- Stored data:
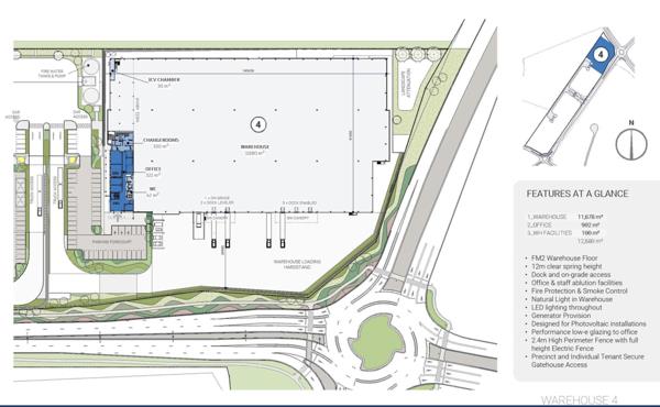 The precinct offers individual tenant signage, 24-hour security, controlled gatehouse access, a high perimeter electric fence, and a dedicated bus stop, creating streamlined access for staff and visitors. Dock areas, canopies and service yards are positioned along the western boundary to optimise flow and maintain a clean interface with the surrounding area. The development is also designed to support photovoltaic installations, offering long term operational savings and sustainability.
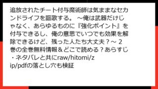 少年マンガ 追放されたチート付与魔術師は気ままなセカンドライフを謳歌する。 ~俺は武器だけじゃなく、あらゆるものに『強化ポイント』を付与できるし、俺の意思でいつでも効果を解除できるけど、残った人たち大丈夫?~ 2巻の全巻無料情報&どこで読める?あらすじ・ネタバレと共にraw/hitomi/zip/pdfの落とし穴も検証
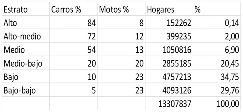 Las cifras señalan que en Colombia los vehículos y motos son utilizados por todos los estratos, no solamente por el estrato 6 como afirman algunos senadores y los economistas conservadores.
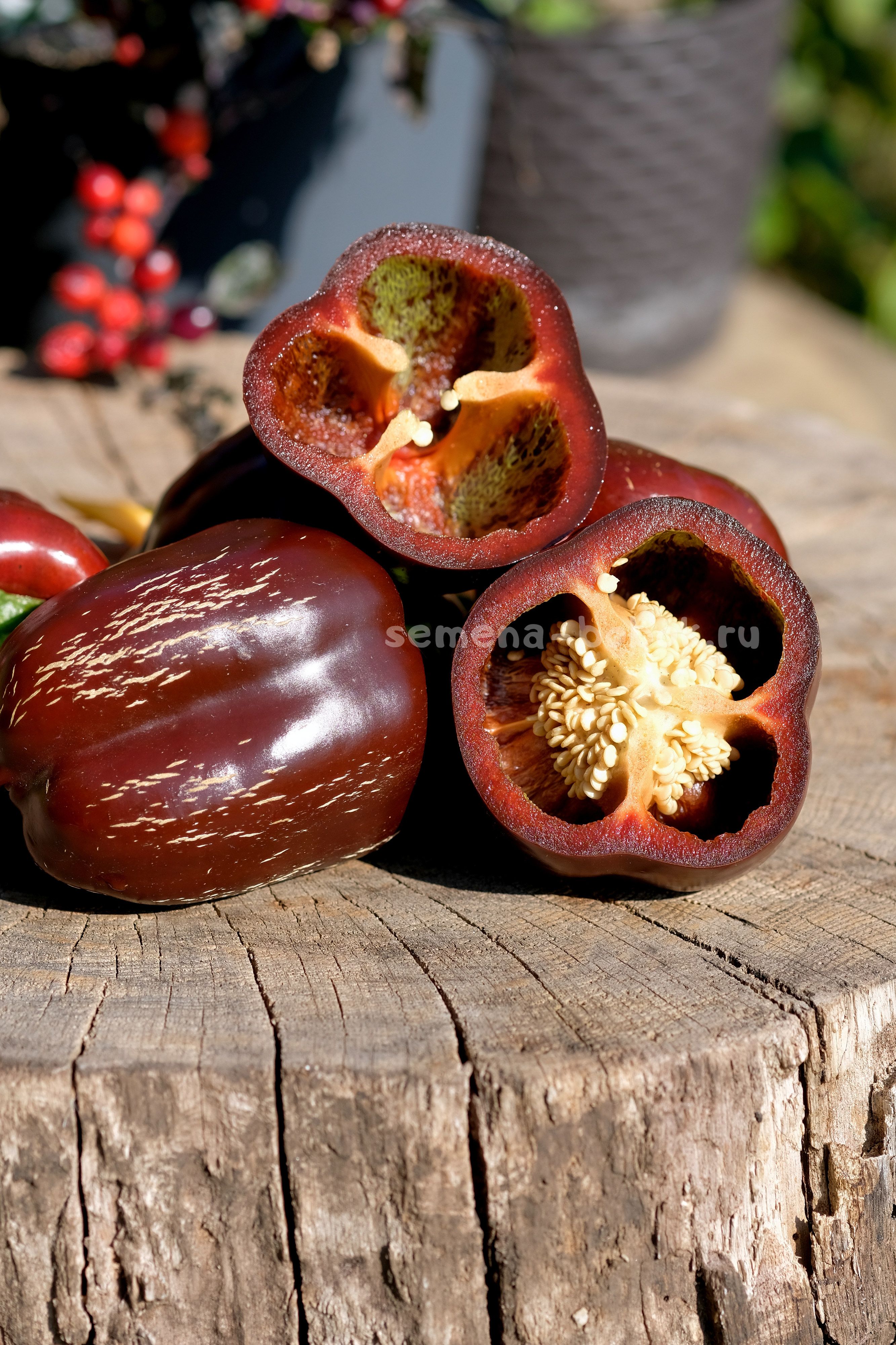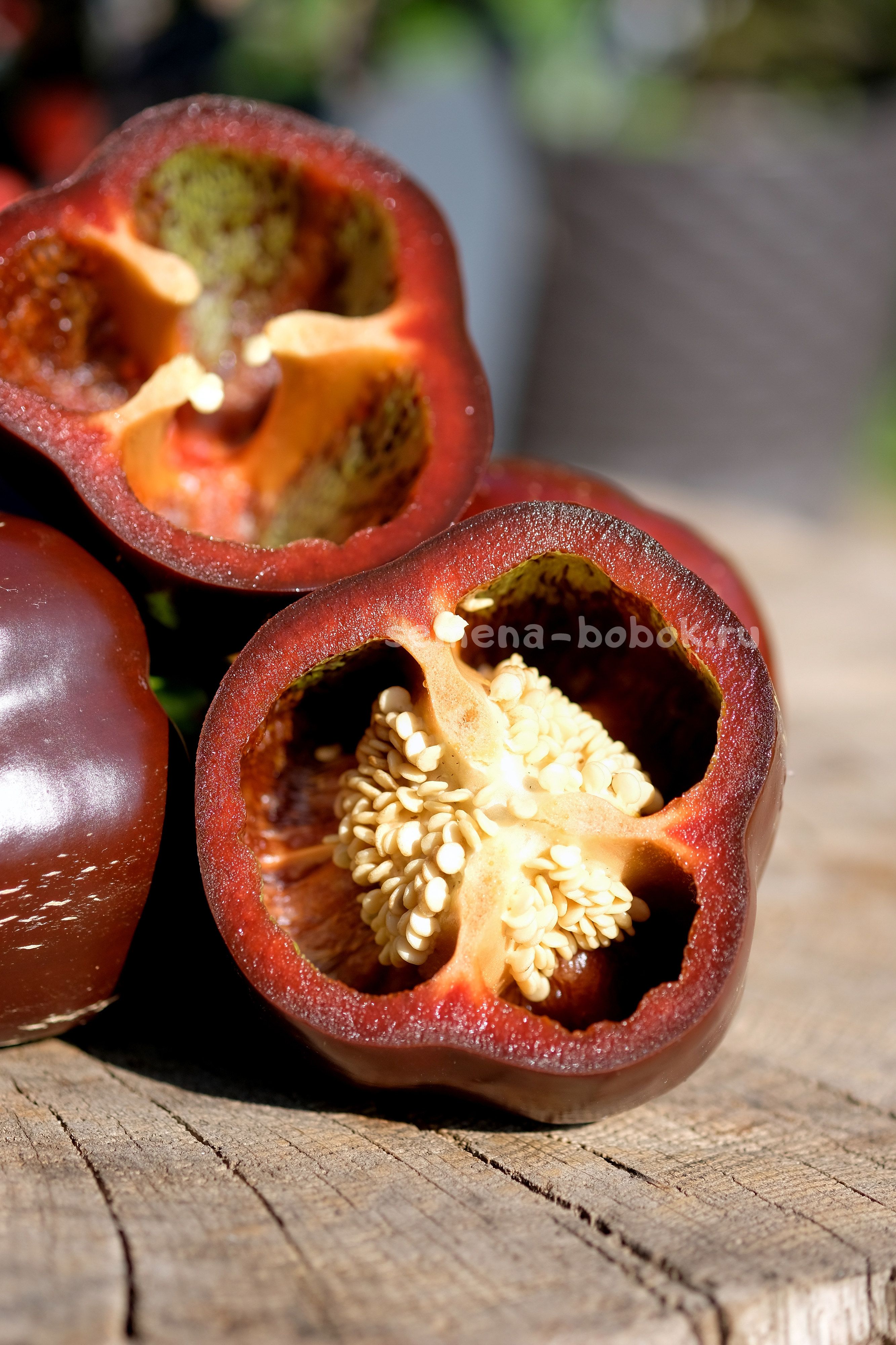 Кубовидный сорт перца шоколадной окраски. Стенка толстая, мясистая, 8-9 мм. Аромат классический, перечный, вкус сладкий. Куст в открытом грунте был 50-60 см, в теплице может быть повыше.

- Work item: Leaving out the pictures, reproduce the whole listing above exactly.

- Exercise response:
 The precinct offers individual tenant signage, 24-hour security, controlled gatehouse access, a high perimeter electric fence, and a dedicated bus stop, creating streamlined access for staff and visitors. Dock areas, canopies and service yards are positioned along the western boundary to optimise flow and maintain a clean interface with the surrounding area. The development is also designed to support photovoltaic installations, offering long term operational savings and sustainability.
 少年マンガ 追放されたチート付与魔術師は気ままなセカンドライフを謳歌する。 ~俺は武器だけじゃなく、あらゆるものに『強化ポイント』を付与できるし、俺の意思でいつでも効果を解除できるけど、残った人たち大丈夫?~ 2巻の全巻無料情報&どこで読める?あらすじ・ネタバレと共にraw/hitomi/zip/pdfの落とし穴も検証
 Las cifras señalan que en Colombia los vehículos y motos son utilizados por todos los estratos, no solamente por el estrato 6 como afirman algunos senadores y los economistas conservadores.
 Кубовидный сорт перца шоколадной окраски. Стенка толстая, мясистая, 8-9 мм. Аромат классический, перечный, вкус сладкий. Куст в открытом грунте был 50-60 см, в теплице может быть повыше.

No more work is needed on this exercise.